Breaking the Waves is set in a fishing village on the Isle of Skye inhabited by a dour, God-fearing community, a world inhabited by a simple young lass named Bess. Into it comes Jan, the outsider, a North Sea oil rig worker, who captures her heart and they marry. Injured at work, he becomes a quadriplegic. This unlocks a whole range of dilemmas and strained relationships. Director Tom Morris writes: “The opera is a kind of Passion: a tragedy of cross-purposes in which the community can see Bess’ profound compassion but cannot prevent itself from contributing to her destruction.”

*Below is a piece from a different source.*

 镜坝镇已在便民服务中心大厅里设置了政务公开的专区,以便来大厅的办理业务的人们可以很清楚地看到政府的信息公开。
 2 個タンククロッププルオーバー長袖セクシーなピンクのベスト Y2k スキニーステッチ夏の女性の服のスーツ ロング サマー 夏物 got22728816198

Everything about this production is top shelf. The simple, powerful scenery comprised a series of monoliths on a revolving base allowing for seamless scene changes. Clever lighting effects were so subtle as to be unnoticeable. Soloists from the Orchestra of Scottish Opera have certainly mastered Mazzoli’s score, their powerfully evocative playing under conductor Stuart Stratford was engagingly expressive. The chorus of tenors and basses, whether as church elders, rig workers, the voice of God or seducers in waiting, had a beautifully blended and balanced symmetry. Soprano Sydney Mancasola sang magnificently as Bess McNeill, central to everything, a woman driven by the remarkable love for her husband which leads ultimately to her own tragic death. Fortunately the production provided surtitles as, from where I was sitting in the Stalls, the words of every soloist were mostly unintelligible. However Mancasola’s voice was remarkable, her ability to express her emotions amazing (and in this opera she is conflicted with so many confusing and complex choices). She remained on stage for most of the 150 minutes of the opera.

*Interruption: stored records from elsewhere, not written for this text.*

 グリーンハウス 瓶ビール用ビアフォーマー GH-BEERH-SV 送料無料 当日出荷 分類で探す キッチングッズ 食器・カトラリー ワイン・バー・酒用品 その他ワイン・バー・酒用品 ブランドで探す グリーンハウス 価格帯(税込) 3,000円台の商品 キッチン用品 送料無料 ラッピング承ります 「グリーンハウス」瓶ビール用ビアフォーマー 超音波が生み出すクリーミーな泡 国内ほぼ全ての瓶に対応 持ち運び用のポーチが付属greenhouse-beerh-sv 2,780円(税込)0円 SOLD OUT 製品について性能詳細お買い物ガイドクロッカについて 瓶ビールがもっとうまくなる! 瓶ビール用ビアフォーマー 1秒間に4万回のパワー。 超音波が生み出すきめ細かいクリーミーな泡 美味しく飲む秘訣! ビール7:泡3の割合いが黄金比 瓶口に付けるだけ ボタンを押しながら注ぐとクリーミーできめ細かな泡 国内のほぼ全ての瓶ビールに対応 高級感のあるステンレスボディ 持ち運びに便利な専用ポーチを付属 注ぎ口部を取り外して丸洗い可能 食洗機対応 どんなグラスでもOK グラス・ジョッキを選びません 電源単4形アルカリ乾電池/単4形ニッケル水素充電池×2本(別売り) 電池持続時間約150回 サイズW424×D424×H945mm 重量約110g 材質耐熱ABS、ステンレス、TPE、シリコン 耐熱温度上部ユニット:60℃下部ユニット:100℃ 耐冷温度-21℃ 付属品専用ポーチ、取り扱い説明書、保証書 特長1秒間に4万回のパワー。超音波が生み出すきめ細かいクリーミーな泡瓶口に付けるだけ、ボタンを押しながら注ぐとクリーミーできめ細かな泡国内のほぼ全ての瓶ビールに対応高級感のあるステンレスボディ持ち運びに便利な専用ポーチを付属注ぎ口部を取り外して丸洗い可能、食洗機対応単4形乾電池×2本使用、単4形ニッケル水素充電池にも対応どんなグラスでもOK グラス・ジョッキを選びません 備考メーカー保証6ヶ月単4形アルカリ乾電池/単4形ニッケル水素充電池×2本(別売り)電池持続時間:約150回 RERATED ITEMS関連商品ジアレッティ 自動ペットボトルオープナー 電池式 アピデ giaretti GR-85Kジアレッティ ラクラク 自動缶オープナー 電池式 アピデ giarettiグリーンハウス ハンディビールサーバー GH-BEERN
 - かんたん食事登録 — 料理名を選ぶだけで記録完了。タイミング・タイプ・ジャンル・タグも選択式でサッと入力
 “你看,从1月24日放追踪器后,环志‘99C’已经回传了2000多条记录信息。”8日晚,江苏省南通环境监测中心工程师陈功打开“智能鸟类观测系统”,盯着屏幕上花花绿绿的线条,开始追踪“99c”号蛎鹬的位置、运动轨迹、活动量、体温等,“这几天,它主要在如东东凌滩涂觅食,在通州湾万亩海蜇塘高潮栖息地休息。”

I loved Wallis Giunta’s portrayal of Dodo, Bess’ sister-in-law and constant friend, another outsider. Her mellow mezzo conveyed the feel of a warm, caring person. Both she and Mancasola projected a rather magnetic presence. Adding immeasurably to the exceptionalism of this production was the performance of Duncan Rock as Bess’ husband, Jan. While he spent most of the second and third acts on a paraplegic bed, he was core to the story. Rock was convincing in his unfaltering love for Bess, even when, drugged up and with clouded mind, he urged her to have sex with other men since she couldn’t do so with him, maybe a ruse to set her free. His lovely rich tenor voiced his authentic care and affection and his depth of feeling was convincing, especially when, grieving her demise, he sang “Dear God, I thank you for the greatest gift.”

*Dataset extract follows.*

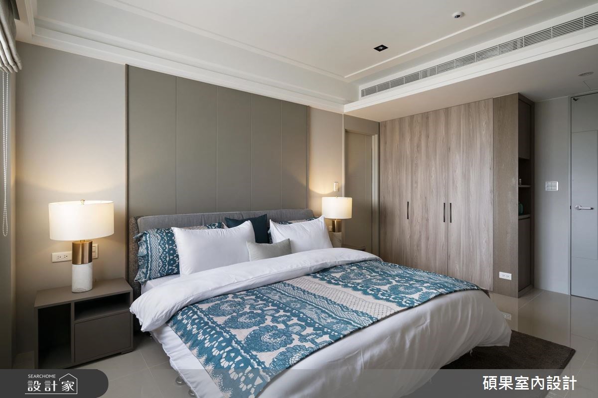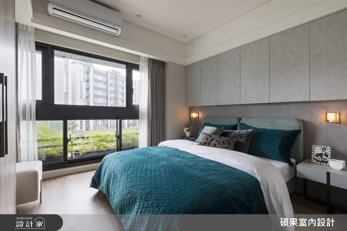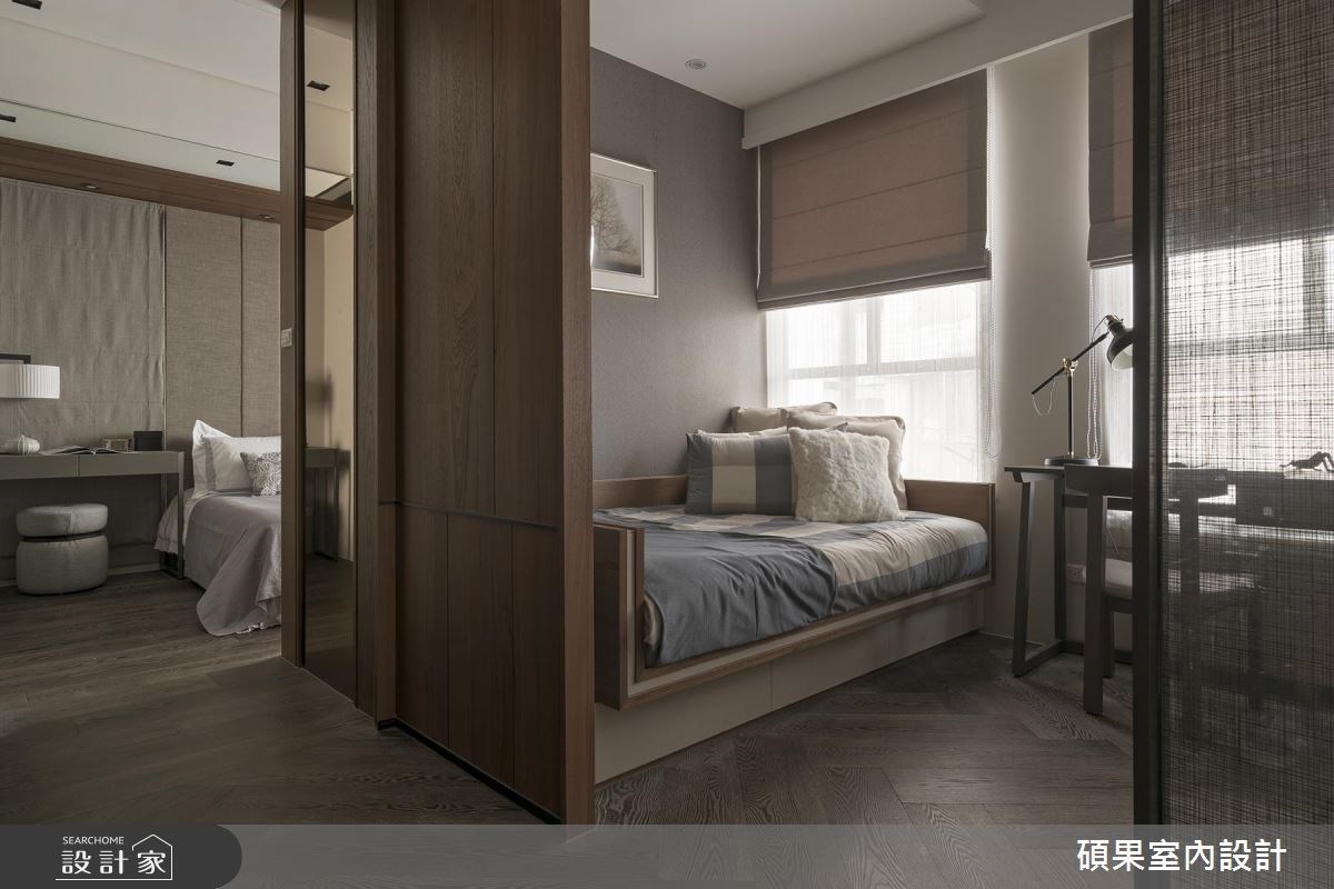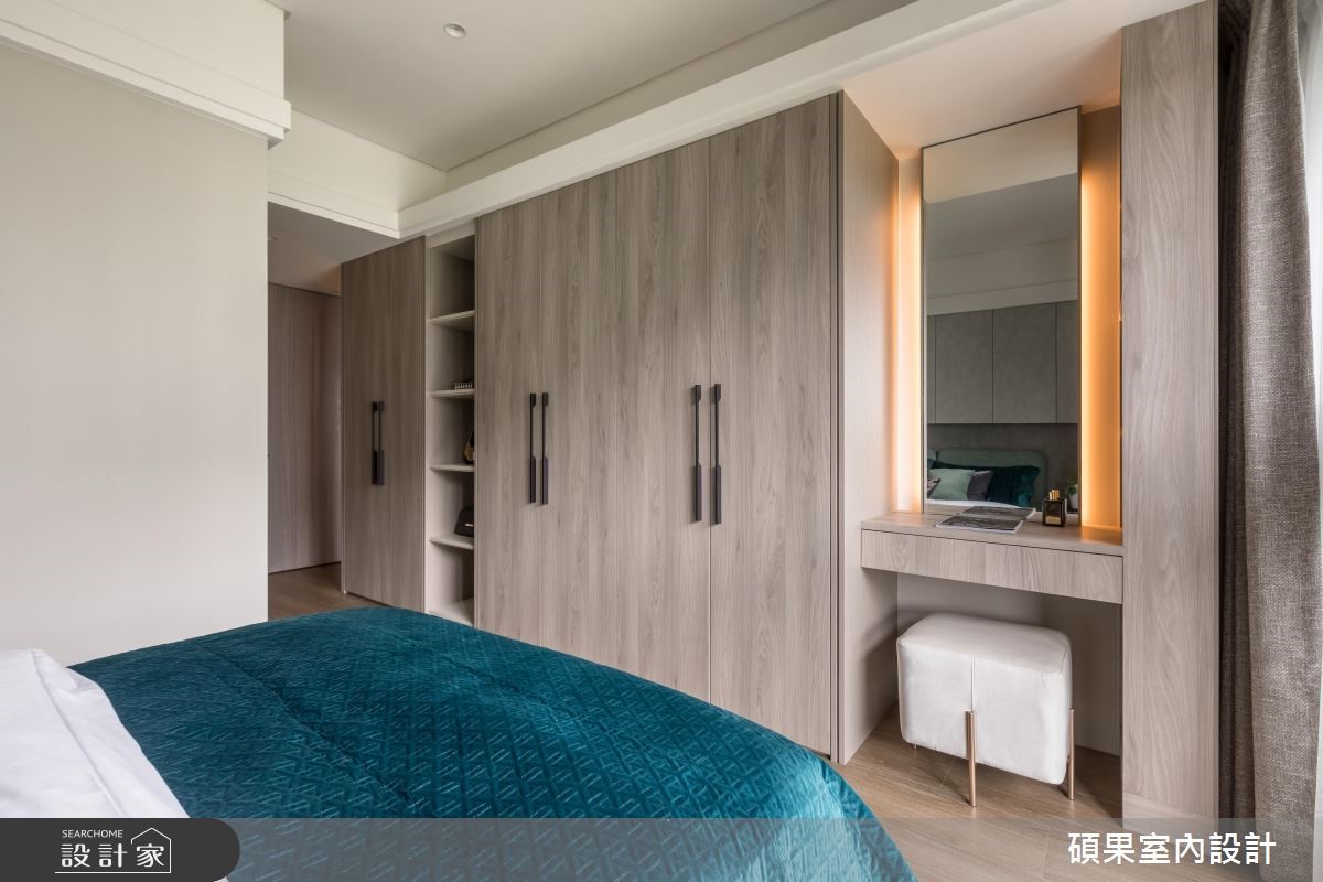 32 坪採光優秀的現代風住宅,以耐看有氣質大地色鋪陳空間,不僅為格局方正舒適的公領域視覺加分,適度的異材質相互搭配,傳遞出滿室的優雅氣氛。 公共空間格局方正且開放式手法,無限拉開視野幅度,客廳區以咖啡色階的色塊牆帶出設計主軸,L 型大沙發、香檳色大理石電視牆,依序透過色階的層次美學,創造簡約但不繁複的現代居家。餐廳空間木質櫃體、大地色門片,挹注用餐時光溫潤質感,並藉由金屬燈具呼應優雅氣質風格。私領域分別運用不同顏色寢具,帶出臥房主人個性,床頭結合櫃體賦予完整的收納機能。
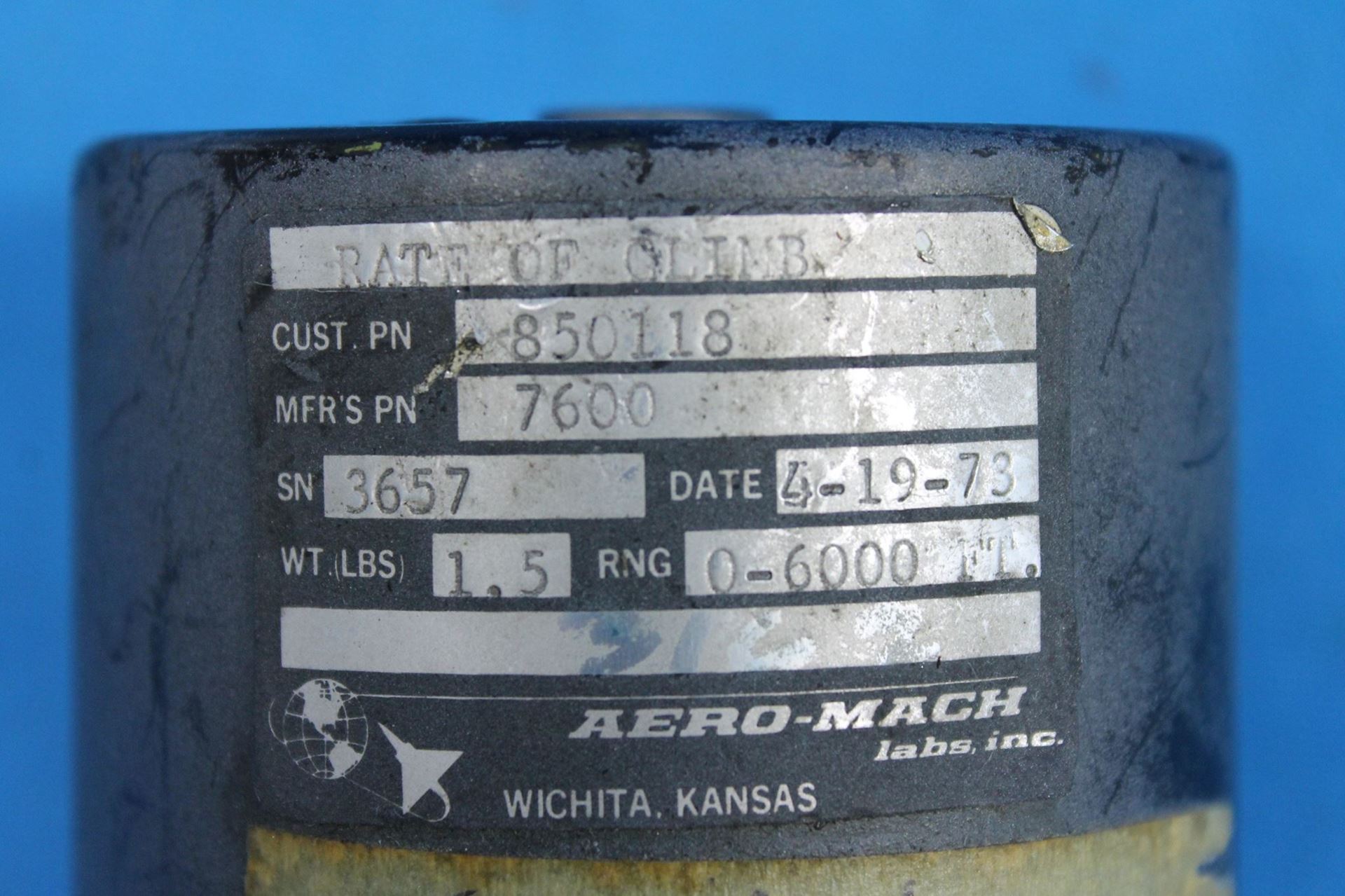 Used Aero-Mach Aircraft Rate of Climb Indicator Core p/n 850118, 7600 (23636)

The paradox of Breaking the Waves was that the more depraved Bess’ sexual activities became, the more Jan recovered from paralysis. Act 1 concluded when, after her first adulterous encounter, the paraplegic Jan suddenly sat upright in his bed. Finally, after she was abused and violated on the “red ship” and died from her injuries, Jan recovered his power to walk (shades of Wagner’s Elisabeth dying so that Tannhäuser might be liberated from his Venusberg addiction). Soprano Orla Boylan, with a Turandot style voice and manner, excelled in the difficult role of Bess’ strict, unbending mother (redeeming herself in the end by tenderly and Pietà-like grieving at the feet of her dead daughter). Tenor Elgan Llŷr Thomas, as the doctor who treated paralysed Jan professionally, and emotionally deprived Bess more threateningly (she had, after all, unsubtly tried to seduce him), conveyed to perfection the impersonal and uninvolved nature expected of a doctor from this confined community. He did, though, finally confess, with touching pathos, to ultimately having to describe Bess as “good”. The pastor, Freddy Tong, as the Church Councilman, had a notably rich bass voice, that blended and contrasted beautifully with the well-tweaked male choir.

There is no weak spot in this absorbing opera. Mazzoli’s music captures the bleakness of the island and the community, the tenderness of love between Bess and Jan, the depravity of the “red ship” and all it stood for, and finally the liberation of freedom expressed in the ringing of the drowned church bells. Vavrek’s libretto faithfully crystallises von Trier’s film, adding a richness and clarity to the inner strength of its heroine. Every person from Scottish Opera and Opera Ventures must be lauded for the absorbing presentation of this remarkable piece of theatre.